2.1. Parsing algorithm

The parser operates with a context, which is a sequence of expressions. Each time an expression is parsed, it is appended at the end of the context. The initial context is the abstract yield.

At the beginning of a BULK stream and after having consumed the byte sequence denoting a complete expression, the parser is at the dispatch stage. At this stage, the next byte is a marker byte, which tells the parser what kind of expression comes next (the marker byte is the first byte of the sequence that denotes an expression). The expression appended to the context after reading a byte sequence is called the specific yield of the byte sequence.

The 0x1 and 0x2 marker bytes are special cases. When the parser reads 0x1, it immediately appends an empty sequence to the current context. This sequence becomes the new context. This new context has the previous context as parent. Then the parser returns to its dispatch stage.

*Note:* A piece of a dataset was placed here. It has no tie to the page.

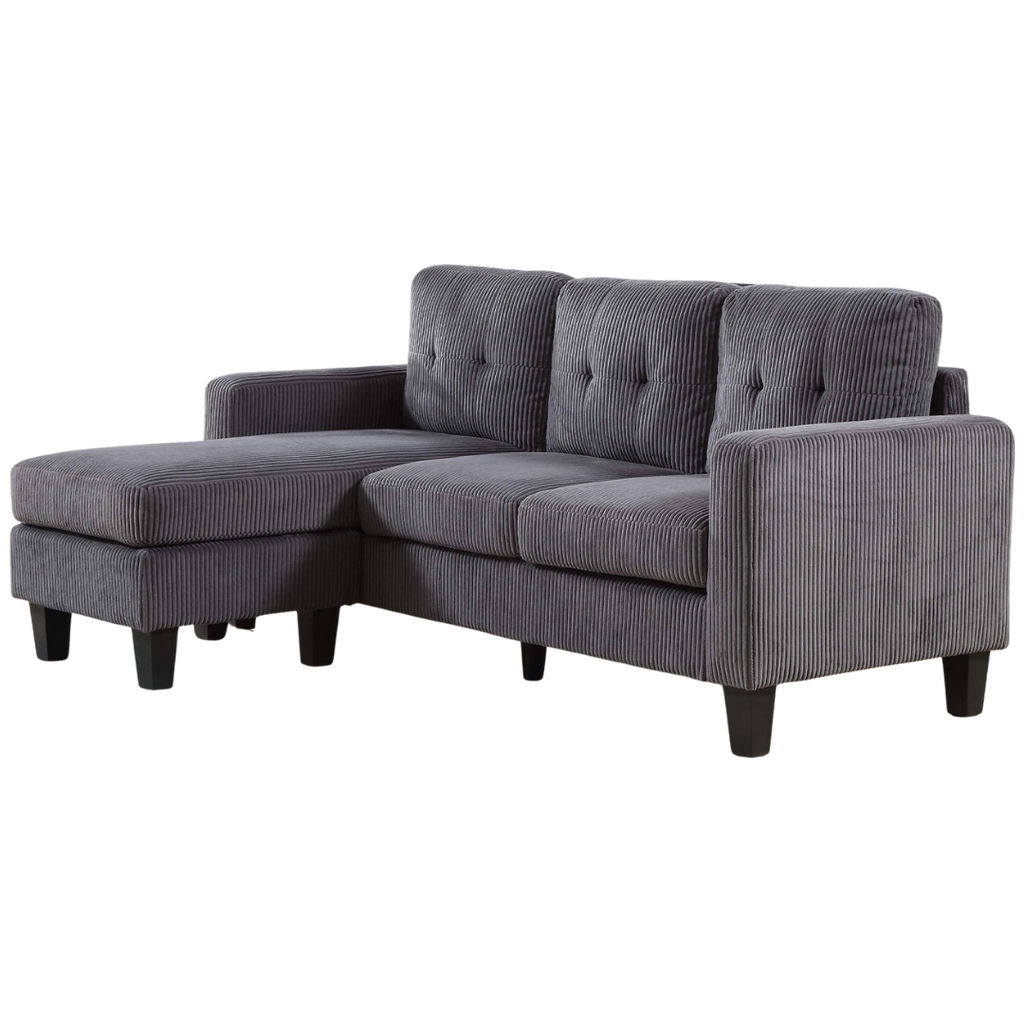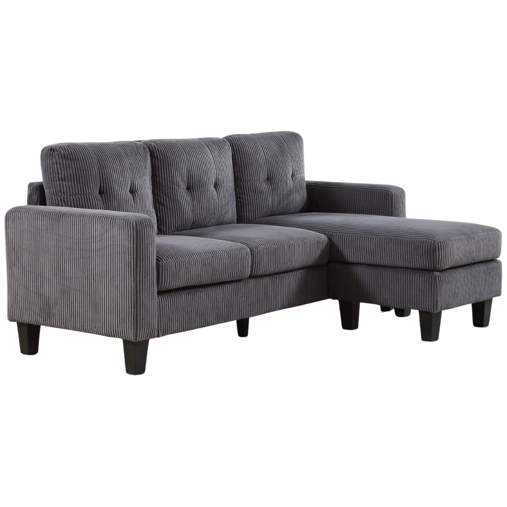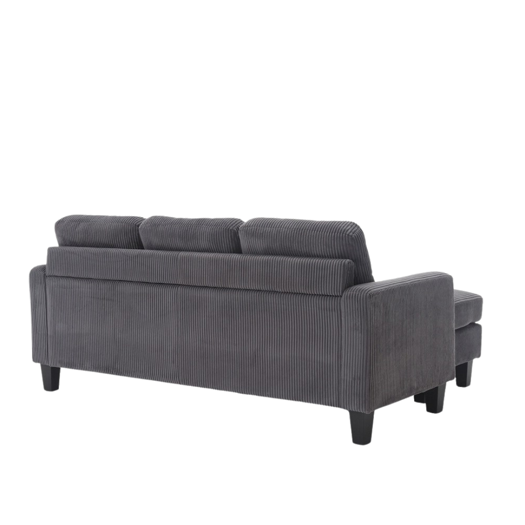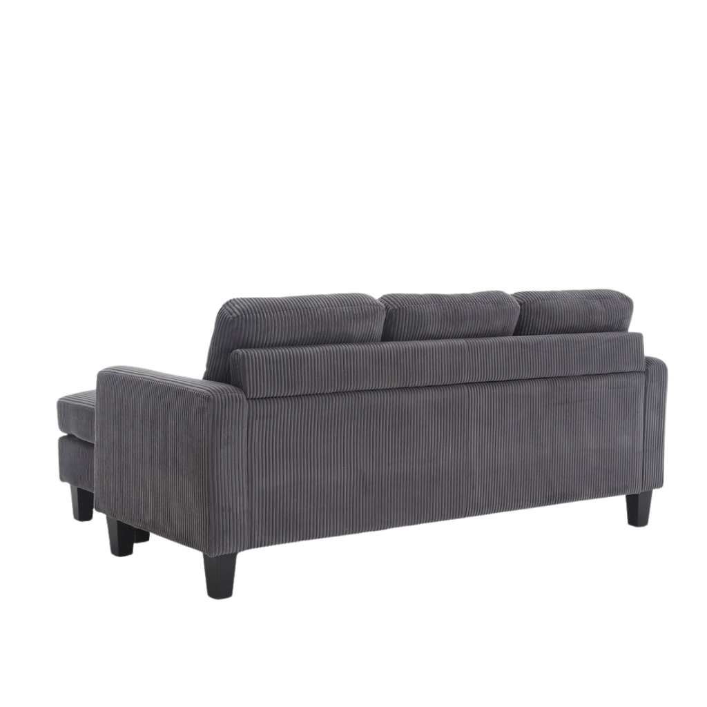 The grey corduroy fabric introduces texture and modern flair, and the supportive seating ensures daily comfort. Ideal for urban apartments, studios, and compact living rooms.

When the parser reads 0x2, it appends nothing to the context, but instead the parent of the current context becomes the new context and the parser returns to the dispatch stage. Thus it is a parsing error to read 0x2 when the context is the abstract yield.

The scope of an expression is the part of its context that follows the expression.

Whenever a parsing error is encountered, parsing of the BULK stream MUST stop.

2.1.1. Evaluation

A processing application MAY implement evaluation of BULK expressions and streams. When evaluating a BULK stream, when the parser gets to the dispatch stage and the context is the abstract yield, the last expression in the context is replaced by what it evaluates to.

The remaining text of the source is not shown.